#### How to complete this task
Return exactly those lines of the material below that fall between the line holding "商品名称:丽磁 LM-215CD音响HI-FI高保真电子管CD播放机银色" and the line holding "11月20日四平92号汽油的", inclusive.

#### Records provided
=== Begin Enclosure ===

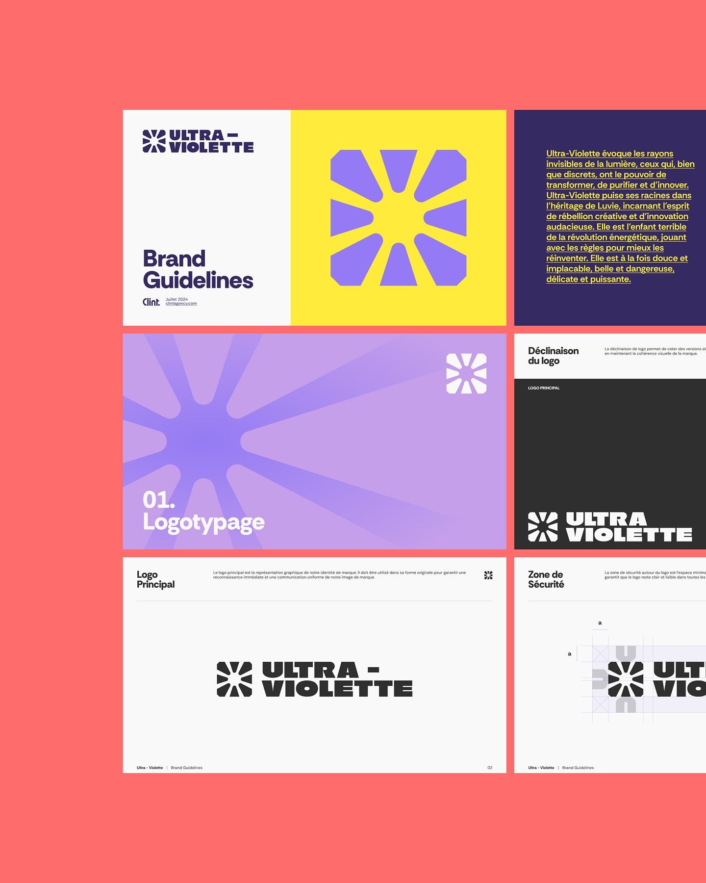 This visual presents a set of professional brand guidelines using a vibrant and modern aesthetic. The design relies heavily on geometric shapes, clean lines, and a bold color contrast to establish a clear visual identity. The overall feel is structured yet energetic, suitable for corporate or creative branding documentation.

=== End Enclosure ===
=== Begin Enclosure ===

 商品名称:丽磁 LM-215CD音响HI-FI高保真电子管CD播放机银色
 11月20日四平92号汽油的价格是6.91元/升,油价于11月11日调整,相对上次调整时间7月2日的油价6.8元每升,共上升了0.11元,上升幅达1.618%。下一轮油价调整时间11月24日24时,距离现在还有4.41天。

=== End Enclosure ===

#### Solution below
 商品名称:丽磁 LM-215CD音响HI-FI高保真电子管CD播放机银色
 11月20日四平92号汽油的价格是6.91元/升,油价于11月11日调整,相对上次调整时间7月2日的油价6.8元每升,共上升了0.11元,上升幅达1.618%。下一轮油价调整时间11月24日24时,距离现在还有4.41天。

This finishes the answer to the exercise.